- Durable Goods Orders expected to revive in May .
- Retail Sales fell in May in all three categories.
- Second quarter GDP estimate is at 10.3% annualized.
- Markets will note but not trade on Durable Goods.
The US economy is in the unusual position of anticipating excellent second quarter economic growth absent a sustained expansion in its largest single component, consumer spending.
Retail Sales are negative for April and May, the first two months of the second quarter, according to the categories tracked by the US Census Bureau. The latest GDPNow reading (June 16) from the Atlanta Fed has annualized growth at 10.3%. Consumer spending accounts for about 70% of US economic activity and it is hard to reconcile anemic or falling consumption with robust growth.
Durable Goods Orders, the long duration sub-set of Retail Sales, are expected to increase 2.7% in May, after shrinking 1.3% in April. Goods Orders excluding the transportation sector are forecast to rise 0.7%, following a 1% gain in April. Nondefense Capital Goods Orders ex-Aircraft, a business investment proxy, is predicted to add 0.8% in May, after rising 2.2% in April.
Overall Retail Sales declined 1.3% in May, considerably more than -0.8% forecast. The Control Group, which approximates the consumption component of the government’s GDP calculation, dropped 0.7% in May, on par with its -0.6% forecast. The ex-autos category fell 0.7% in May, well below its 0.2% forecast.
Two considerations about Retail Sales in the second quarter stand out.
First, all three groups are negative for the two extant months. Overall sales are down 0.4% (May-1.3%, April 0.9%). The Control Group is down -1.1%, (May -0.7%, April -0.4%) and the ex-autos series is down 0.7% (May-0.7%, April 0.0%). It is the May results in overall sales and ex-autos that brings the two-month totals below zero.
Second, all three categories saw substantial upward revision to the April numbers. The average positive adjustment across the three groups in April was 0.93%,
Overall sales for April jumped to 0.9% from its initial flat release. The forecast had been 1%. The Control Group climbed from -1.5% to -0.4%. Its estimate was -0.2%. The ex-autos grouping, rose from -0.8% to flat, making it the only one appreciable below its forecast of 0.7%.
Retail Sales Data
Statisticians and economists have had a difficult time modeling the events of the past 18 months.
Given the strength and consistency of the Atlanta Fed GDPNow forecast, the lowest of the 15 second quarter estimates has been 9.1%, there is an excellent chance that the initial May figures for Retail Sales will be revised substantially higher.
Durable Goods and Retail Sales
Durable Goods are a subset of Retail Sales for items designed to last three years or more in normal use. Automobiles, refrigerators, hair dryers, computers and nuclear power plants all qualify as consumer or industrial goods.
Due to their lifespan and usually higher cost, these purchases are considered a view into the medium and long term outlook for businesses and consumers. A plant manager is more likely to buy new machinery, or a family a new car when the sales and job prospects are good.

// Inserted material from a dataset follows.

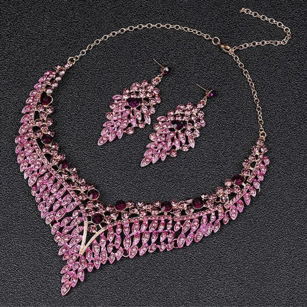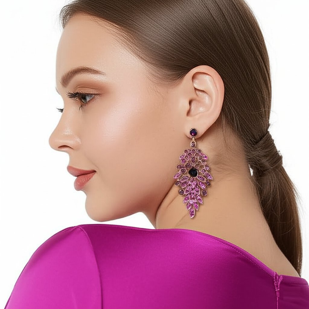 Brinco roxo e rosa de festa grande com colar formatura
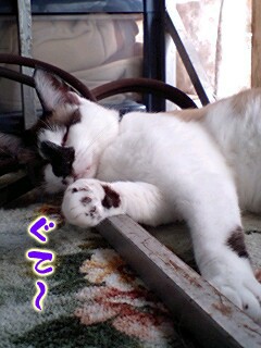 若干1ニャンコ、タオルドライ中にオシッコちびってしまいましたが~何とか終えました。さて次はレオだな!と、その前に昼前に腹ごしらえ。

How do we justify the projections for a sizable increase in Durable Goods purchases in May, 2.7%, with the 1.3% decline in overall Retail Sales.
The simplest is to note that from January through April the initial Retail Sales figures have been revised higher by an average of 1.05%. A continuation of that adjustment would put the May Retail Sales near -0.25%.
Still, a quarter-point decline is far from the forecast 2.7% gain in Durable Goods.
A second consideration is the difference between the overall Durable Goods projection of 2.7% and the ex-transport estimate of 0.7%.
Automobile sales plummeted during the lockdowns of the last 15 months. Many consumers have rushed to replace their aging vehicles in the past few months, purchases made more urgent by a scarcity of many makes and brands due to the world wide computer chip shortage.
Similar logic holds for the commercial aircraft sales of Boeing Company of Chicago, whose sales have revived now that its 737 Max jet has returned to flying.
It is possible that the particular circumstances of vehicle and airplane sales in May might account for a large portion of the 2.7% forecast.
The specifics of American consumption patterns available in the Durable Goods Orders are not going to change market views on the US economy. The economic information is an elaboration on the already issued Retail Sales figures.
The Federal Reserve’s upward revisions of its GDP, inflation and interest rate projections last week are the standard view of the US economy.
Durable Goods will fit into that more optimistic assessment or not, but they will not impact trading in the equity, credit or currency markets.